Reference link: Python Naive Bayes Classifier

This article describes how to implement a naive Bayes classifier in Python. Share with you for your reference, as follows:

 Bayes Theorem

 Bayes' theorem is a theorem modified by subjective judgments of the probability distribution of observations (that is, prior probability), and has an important position in probability theory.

 The prior probability distribution (marginal probability) refers to the probability distribution based on subjective judgment rather than the sample distribution, and the posterior probability (conditional probability) is the conditional probability distribution obtained from the prior probability distribution of the sample distribution and unknown parameters.

 Bayesian formula:

 P(A∩B) = P(A)*P(B|A) = P(B)*P(A|B)

 Deformed:

 P(A|B)=P(B|A)*P(A)/P(B)

 among them

 P(A) is the prior probability or marginal probability of A. It is called "prior" because it does not consider the B factor.

 P(A|B) is the conditional probability of A after B occurs, and is also called the posterior probability of A.

 P(B|A) is the conditional probability of B after the occurrence of A is known, and is also called the posterior probability of B, which is called the likelihood here.

 P(B) is the prior probability or marginal probability of B, which is called a standardized constant here.

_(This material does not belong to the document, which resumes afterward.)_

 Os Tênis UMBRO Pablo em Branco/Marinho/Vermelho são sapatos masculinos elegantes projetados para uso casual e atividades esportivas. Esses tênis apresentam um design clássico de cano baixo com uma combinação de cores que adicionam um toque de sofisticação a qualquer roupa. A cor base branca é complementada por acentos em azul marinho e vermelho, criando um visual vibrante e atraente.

 P(B|A)/P(B) is called the standard likelihood.

 Naive Bayes Classification (Naive Bayes)

 The naive Bayes classifier assumes conditional independence between attributes when estimating the conditional probability of a class.

 First define

 x = {a1,a2,...} is a sample vector, a is a characteristic attribute

 div = {d1 = [l1,u1],...} a division of characteristic attributes

 class = {y1,y2,...} the category to which the sample belongs

 Algorithm flow:

 (1) Calculate the prior probability p(y[i]) for each category through the distribution of categories in the sample set

 (2) Calculate the frequency p(a[j] in d[k] | y[i]) of each feature attribute division under each category

 (3) Calculate p(x|y[i]) for each sample

 p(x|y[i]) = p(a[1] in d | y[i]) * p(a[2] in d | y[i]) * ...

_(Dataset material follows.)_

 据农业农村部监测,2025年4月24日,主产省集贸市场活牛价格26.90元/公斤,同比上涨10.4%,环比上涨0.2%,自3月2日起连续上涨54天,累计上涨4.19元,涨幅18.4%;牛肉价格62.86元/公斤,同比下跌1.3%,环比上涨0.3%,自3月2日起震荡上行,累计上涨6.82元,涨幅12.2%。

 All feature attributes of the sample are known, so the interval d to which the feature attributes belong is known.

 The value of p(a[k] in d | y[i]) can be determined by (2), and p(x|y[i]) can be obtained.

 (4) According to Bayes' theorem:

 p(y[i]|x) = ( p(x|y[i]) * p(y[i]) ) / p(x)

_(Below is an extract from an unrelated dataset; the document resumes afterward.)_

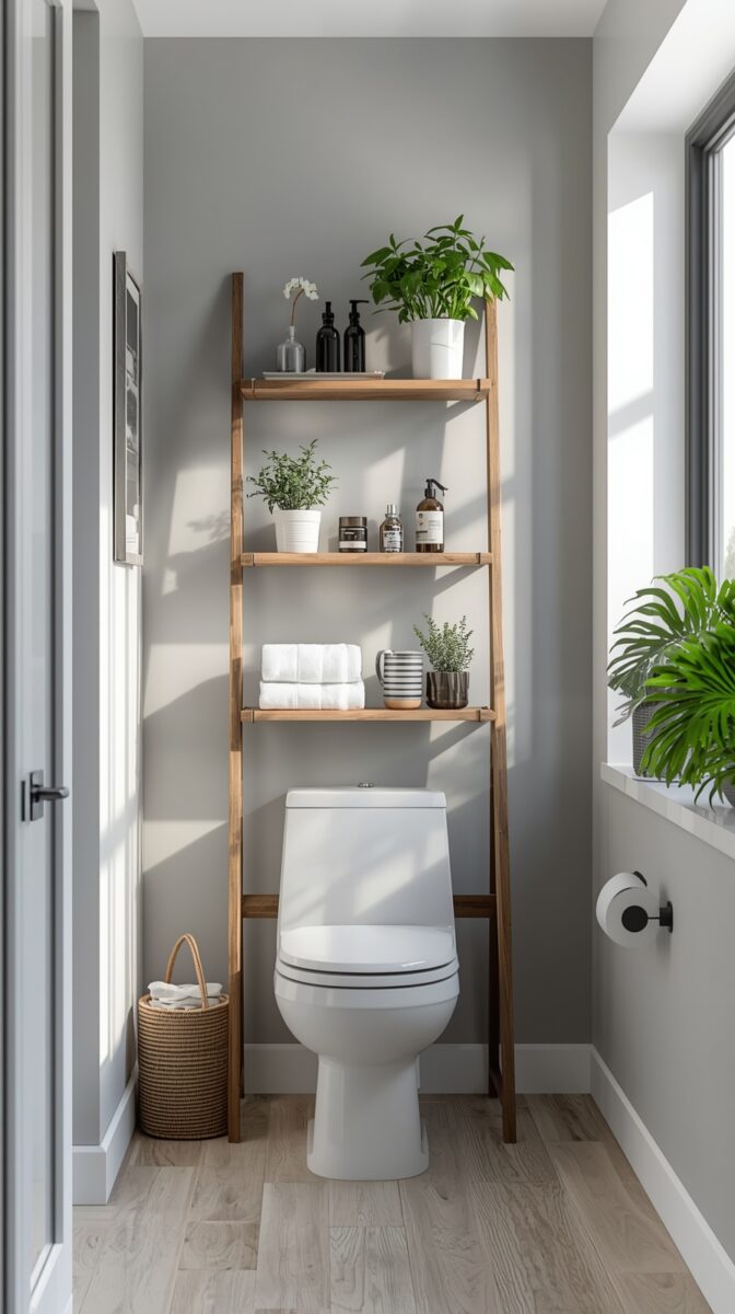 I leaned a decorative wooden ladder against the wall behind my toilet, and it’s both functional and gorgeous.

 Because the denominator is the same, only the numerator needs to be calculated.

 p(y[i]|x) is the probability that the observed sample belongs to the classification y[i], and find the classification corresponding to the maximum probability as the classification result.

 Example:

 Import data set

 {a1 = 0, a2 = 0, C = 0} {a1 = 0, a2 = 0, C = 1}

 {a1 = 0, a2 = 0, C = 0} {a1 = 0, a2 = 0, C = 1}

 {a1 = 0, a2 = 0, C = 0} {a1 = 0, a2 = 0, C = 1}

 {a1 = 1, a2 = 0, C = 0} {a1 = 0, a2 = 0, C = 1}

 {a1 = 1, a2 = 0, C = 0} {a1 = 0, a2 = 0, C = 1}

 {a1 = 1, a2 = 0, C = 0} {a1 = 1, a2 = 0, C = 1}

 {a1 = 1, a2 = 1, C = 0} {a1 = 1, a2 = 0, C = 1}

 {a1 = 1, a2 = 1, C = 0} {a1 = 1, a2 = 1, C = 1}

 {a1 = 1, a2 = 1, C = 0} {a1 = 1, a2 = 1, C = 1}

 {a1 = 1, a2 = 1, C = 0} {a1 = 1, a2 = 1, C = 1}

 Calculate the prior probability of the category

 P(C = 0) = 0.5

 P(C = 1) = 0.5

 Calculate the conditional probability of each feature attribute:

 P(a1 = 0 | C = 0) = 0.3

 P(a1 = 1 | C = 0) = 0.7

 P(a2 = 0 | C = 0) = 0.4

 P(a2 = 1 | C = 0) = 0.6

 P(a1 = 0 | C = 1) = 0.5

 P(a1 = 1 | C = 1) = 0.5

 P(a2 = 0 | C = 1) = 0.7

 P(a2 = 1 | C = 1) = 0.3

 Test sample:

 x = { a1 = 1, a2 = 2}

 p(x | C = 0) = p(a1 = 1 | C = 0) * p( 2 = 2 | C = 0) = 0.3 * 0.6 = 0.18

 p(x | C = 1) = p(a1 = 1 | C = 1) * p (a2 = 2 | C = 1) = 0.5 * 0.3 = 0.15

 Calculate P(C | x) * p(x):

 P(C = 0) * p(x | C = 1) = 0.5 * 0.18 = 0.09

 P(C = 1) * p(x | C = 2) = 0.5 * 0.15 = 0.075

 So the test sample is considered to be of type C1

 Python implementation

 The training process of the naive Bayes classifier is to calculate the probability table in (1), (2), and the application process is to calculate (3), (4) and find the maximum value.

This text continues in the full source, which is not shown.